URLs and paths for accessing experiment data.

dataset_name str | None

The name of the dataset that was evaluated.

timestamp str

The timestamp of the evaluation in ISO 8601 format.

num_samples int

The number of samples in the dataset.

metadata dict[str, Any]

The metadata of the evaluation.

ExperimentUrls

Bases: TypedDict

Experiment URLs and paths for different experiment trackers.

This TypedDict provides a unified interface for experiment tracker URLs/paths. Different trackers will populate different fields based on their capabilities.

Attributes:

Name Type Description
run_url str | None

URL to view the experiment results. For Langfuse: session URL. For Simple: local file path to experiment results.

leaderboard_url str | None

URL to view the leaderboard. For Langfuse: dataset run URL. For Simple: local file path to leaderboard CSV.

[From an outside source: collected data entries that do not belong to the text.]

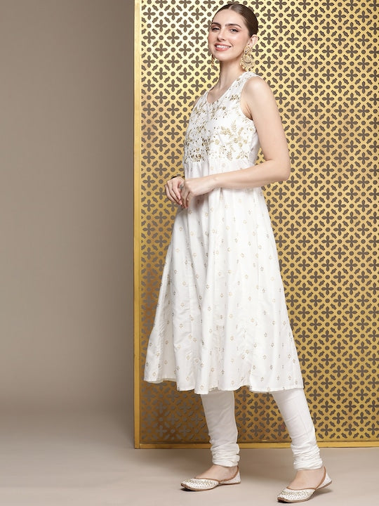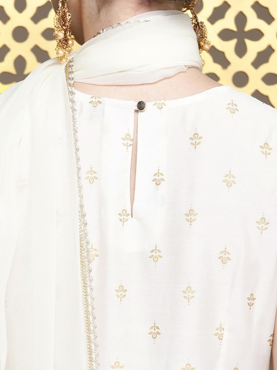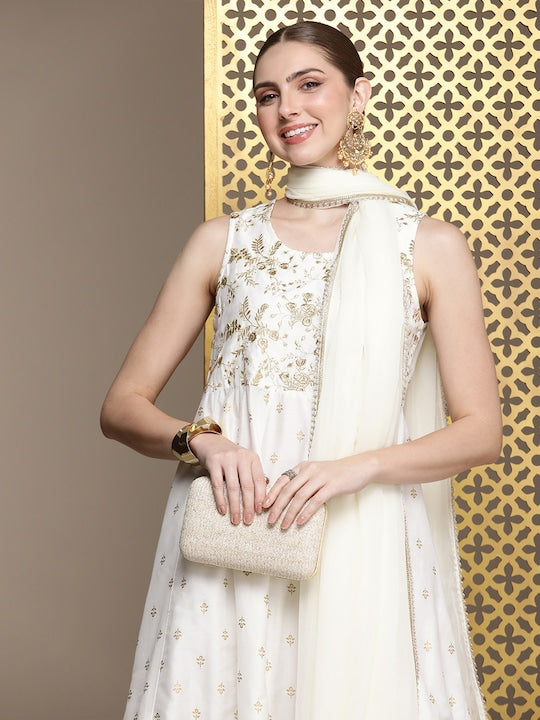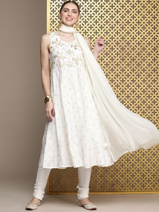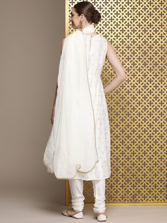 House of Pataudi Women Jashn Floral Zari Work Regular Kurta With Churidar & Dupatta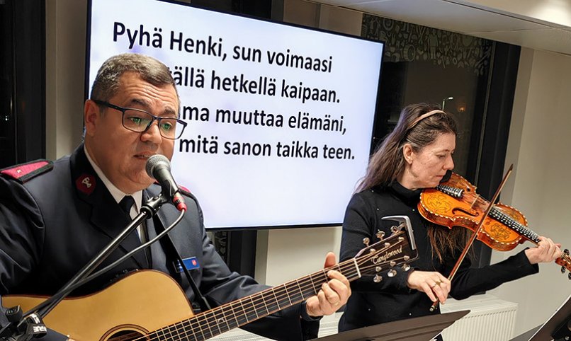 Ilta päättyi kahteen hienoon musiikkiesitykseen. Vuosaaren musiikkiopiston nuoret viulunsoittajat esittivät puolituntisen sikermän musiikkia, ja lopuksi Eliel Vargas ja viulisti Meri-Sofia Lakopoulos lauloivat ja soittivat lauluja Pelastusarmeijan laulukirjasta.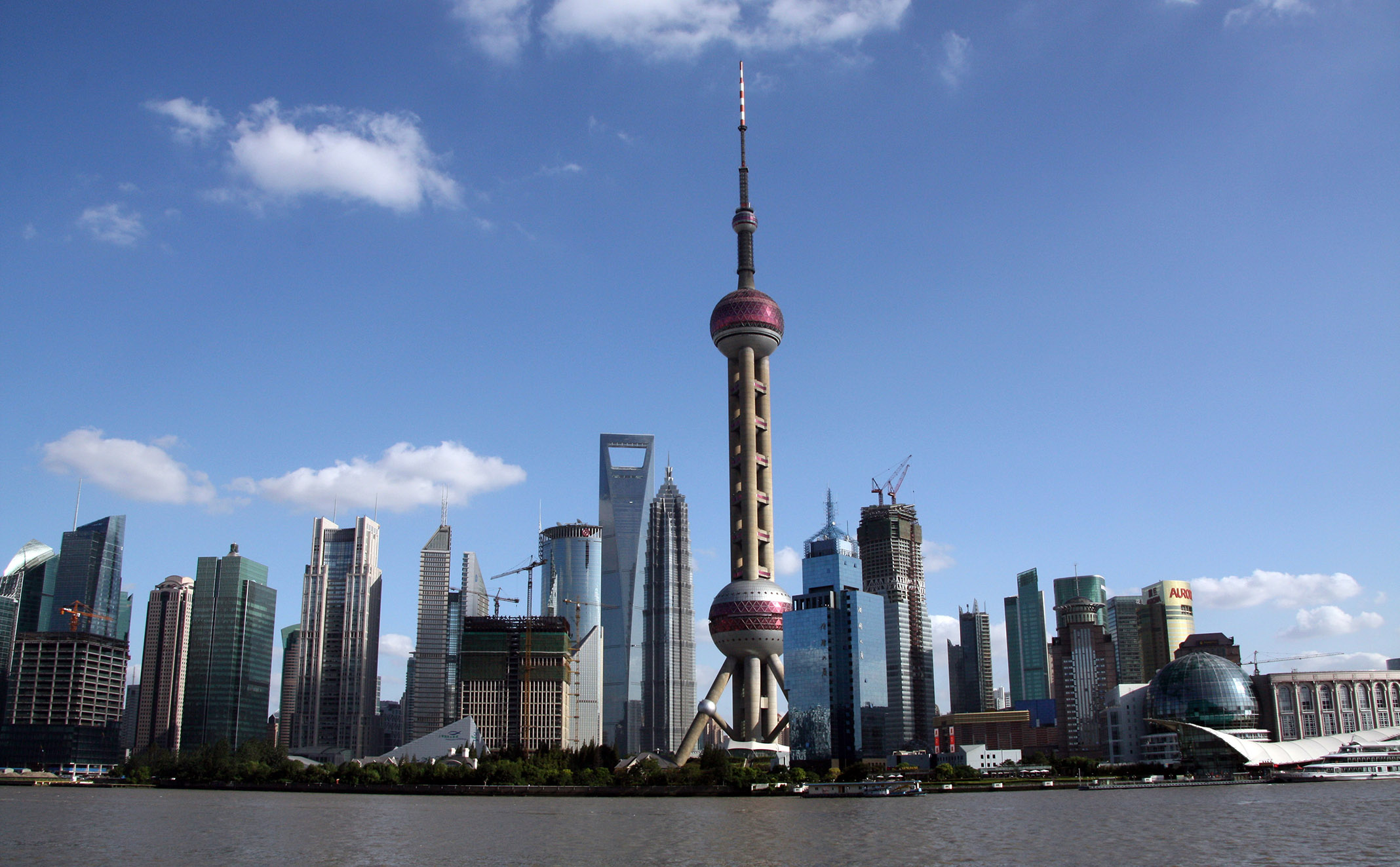 Pudong: The skyline with the futuristic Oriental Pearl TV tower (468 meters high). In the back the building that looks like a shopping bag is the WTC (World Financial Center) with 492 meters hight, even bigger...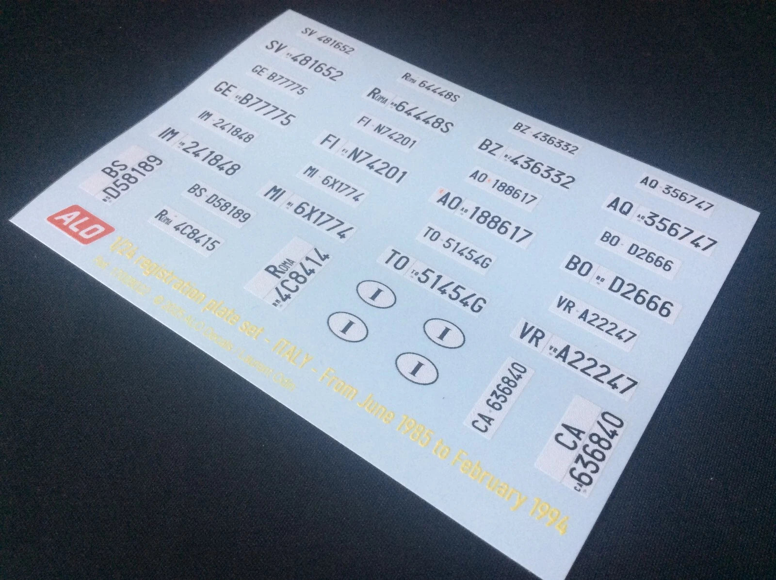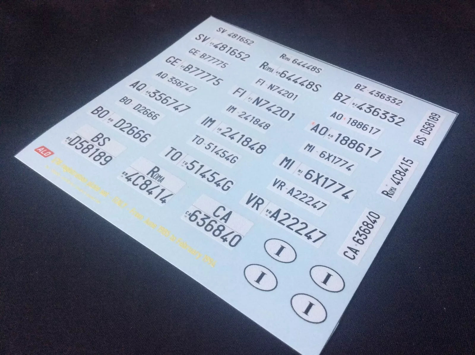 1985-1994 ITALIAN REGISTRATION PLATES 1:87, 1:43, 1:24, 1:18 DECALS - FOR 15 CARS
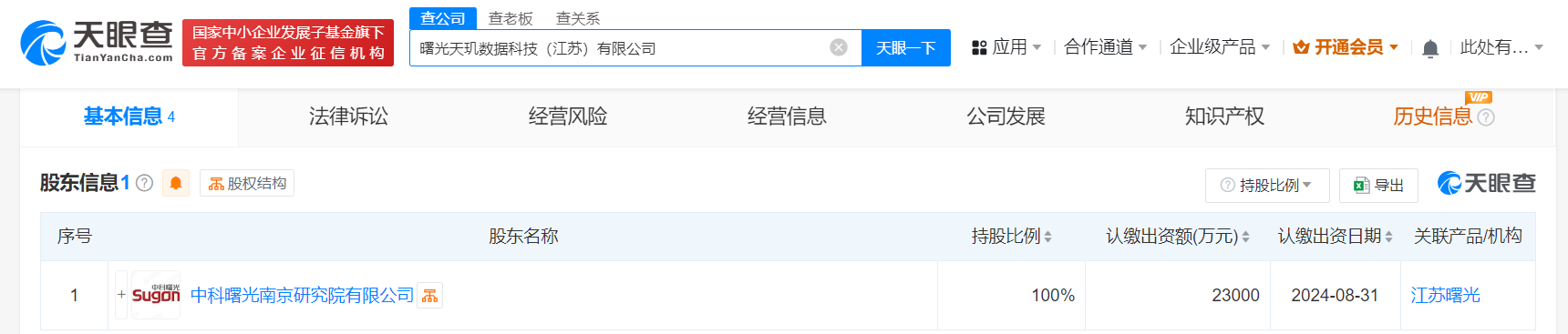 南方财经8月21日电,天眼查App显示,近日,曙光天玑数据科技(江苏)有限公司成立,法定代表人为王元兵,注册资本2.3亿人民币,经营范围含数据处理服务、软件开发、软件销售、数字技术服务、信息技术咨询服务、计算机系统服务、信息系统集成服务、计算机及通讯设备租赁、机械设备租赁等。股东信息显示,该公司由中科曙光(603019)旗下中科曙光南京研究院有限公司全资持股。

GoogleDriveAttachmentConfig

Bases: AttachmentConfig

Configuration for loading attachments from Google Drive.

Attributes:

Name Type Description
type Literal[GDRIVE]

Always "gdrive" for this implementation.

client_email str | None

Google service account client email.

private_key str | None

Google service account private key.

folder_id str

Google Drive folder ID.

service_account_file str | None

Path to service account JSON file (alternative to client_email/private_key).

validate_config()

Google Drive-specific validation.

LocalAttachmentConfig

Bases: AttachmentConfig

Configuration for loading attachments from local directory.

Attributes:

Name Type Description
type Literal[LOCAL]

Always "local" for this implementation.

local_directory str

Local directory path.

validate_config()

Local-specific validation.

MetricResult

Bases: BaseModel

Metric Output Pydantic Model.

A structured output for metric results with score and explanation.

Attributes:

Name Type Description
score MetricValue

The evaluation score. Can be continuous (float), discrete (int), or categorical (str).

explanation str | None

A detailed explanation of the evaluation result.

QAData

Bases: TypedDict

QA data.

A data for QA evaluation such as GenerationEvaluator, etc.

Attributes:

Name Type Description
query str | None

The query.

expected_response str | list[str] | None

The expected response.

generated_response str | list[str] | None

The generated response.

RAGData

Bases: QAData

RAG data.

Extends QAData.

Attributes:

Name Type Description
query str | None

The query.

expected_response str | None

The expected response. For multiple responses, use list[str].

generated_response str | None

The generated response. For multiple responses, use list[str].

retrieved_context str | list[str] | None

The retrieved context. If the retrieved context is concatenated from multiple contexts, use str. Otherwise, use list[str].

expected_retrieved_context str | list[str] | None

The expected retrieved context. If the expected retrieved context is concatenated from multiple contexts, use str. Otherwise, use list[str].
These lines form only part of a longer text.